🤖 AI Summary
This study addresses the computational inefficiency and syntactic complexity of traditional econometric methods in high-dimensional fixed-effects models and complex specifications. The authors develop the R package fixest, which implements a C++-based fixed-point acceleration algorithm that substantially improves convergence speed for models with varying-slope fixed effects. The package features a unified, expressive formula interface supporting a wide range of estimators—including fixed effects, instrumental variables, and generalized linear models—alongside built-in robust standard error corrections and efficient inference tools. Demonstrating leading performance across the R, Python, and Julia ecosystems, fixest enables batch model estimation, automated generation of publication-ready regression tables and coefficient plots, and significantly enhances the productivity of empirical research.
📝 Abstract
fixest is an R package for fast and flexible econometric estimation, providing a comprehensive toolkit for applied researchers. The package particularly excels at fixed-effects estimation, supported by a novel fixed-point acceleration algorithm implemented in C++. This algorithm achieves rapid convergence across a broad class of data contexts and further enables estimation of complex models, including those with varying slopes, in a highly efficient manner.

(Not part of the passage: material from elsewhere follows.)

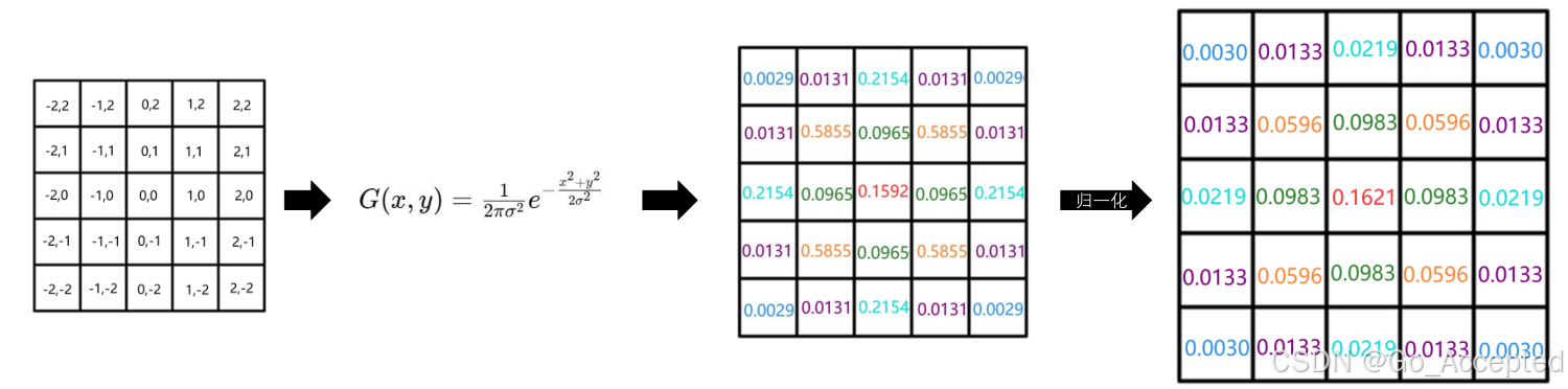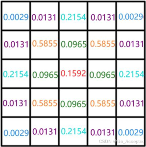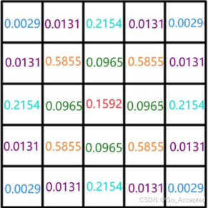 滤波核越大,模糊效果越明显,从效果和效率综合考虑,我们通常会使用 5x5 的大小,高斯滤波核中各元素的具体值,我们通过高斯函数来确定
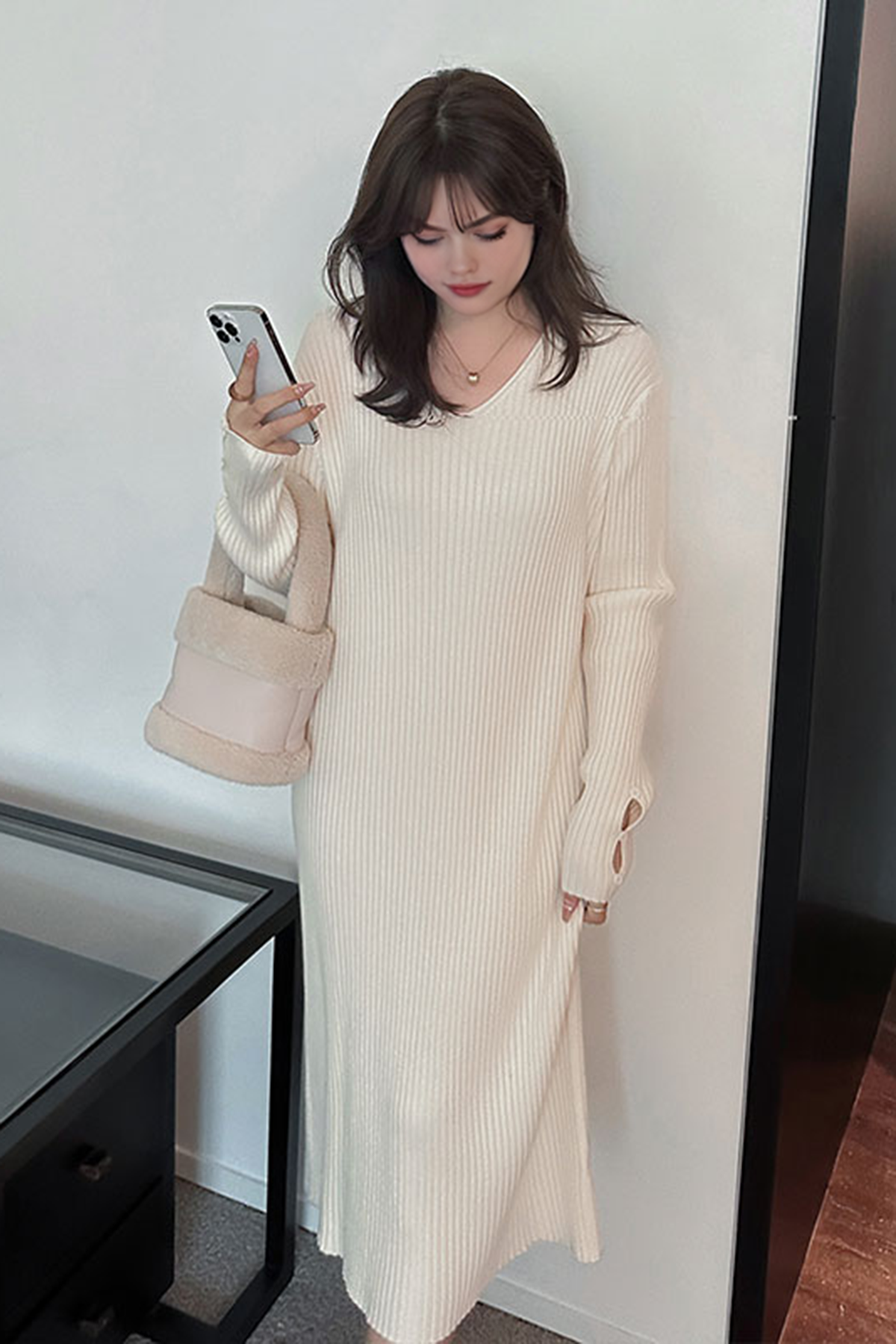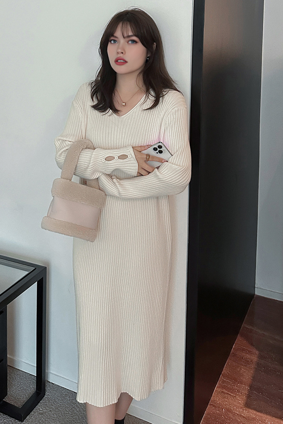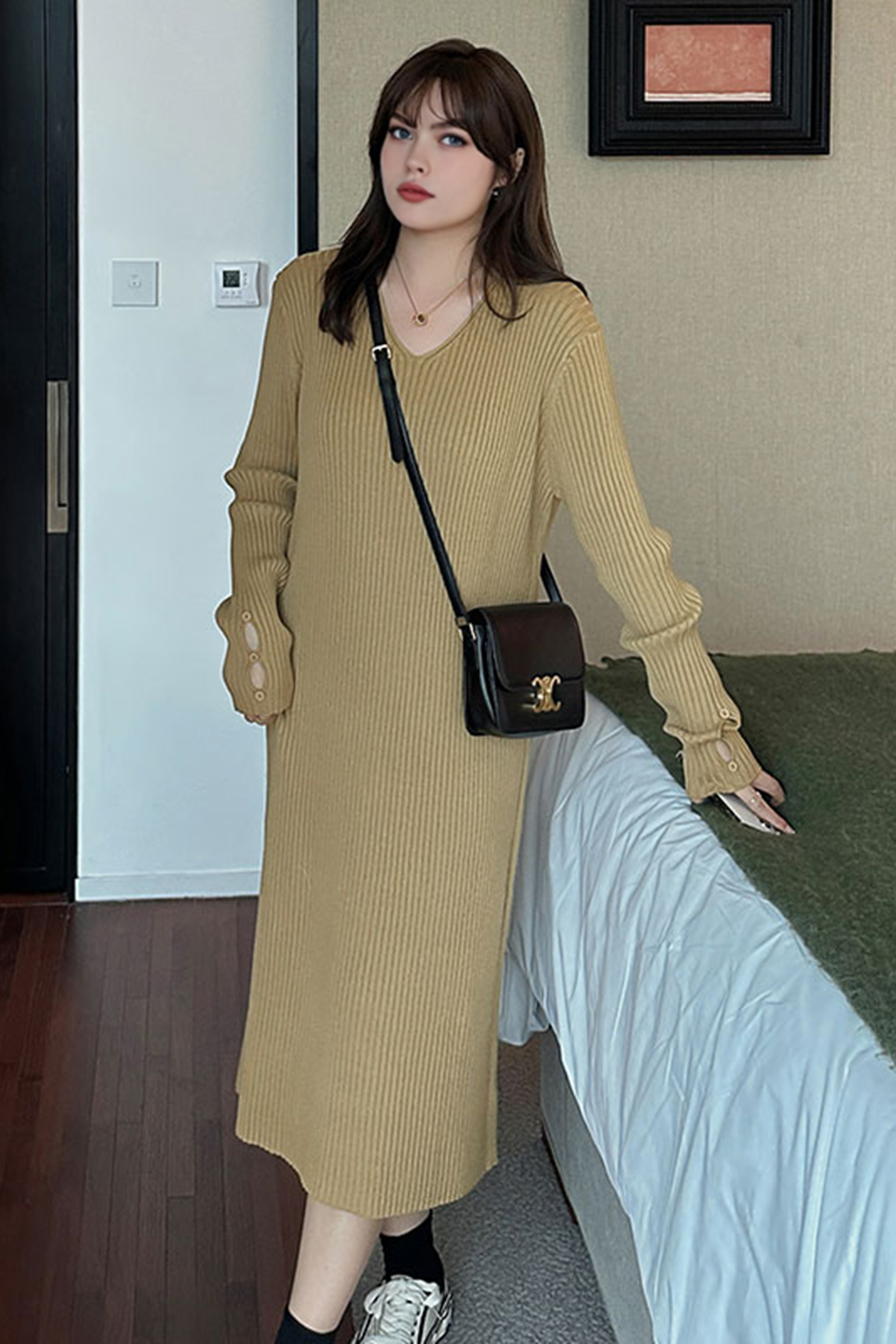 Temperament V-neck loose slimming knitted dress

Beyond computational speed, fixest provides a unified syntax for a wide variety of models: ordinary least squares, instrumental variables, generalized linear models, maximum likelihood, and difference-in-differences estimators. An expressive formula interface enables multiple estimations, stepwise regressions, and variable interpolation in a single call, while users can make on-the-fly inference adjustments using a variety of built-in robust standard errors. Finally, fixest provides methods for publication-ready regression tables and coefficient plots. Benchmarks against leading alternatives in R, Python, and Julia demonstrate best-in-class performance, and the paper includes many worked examples illustrating the core functionality.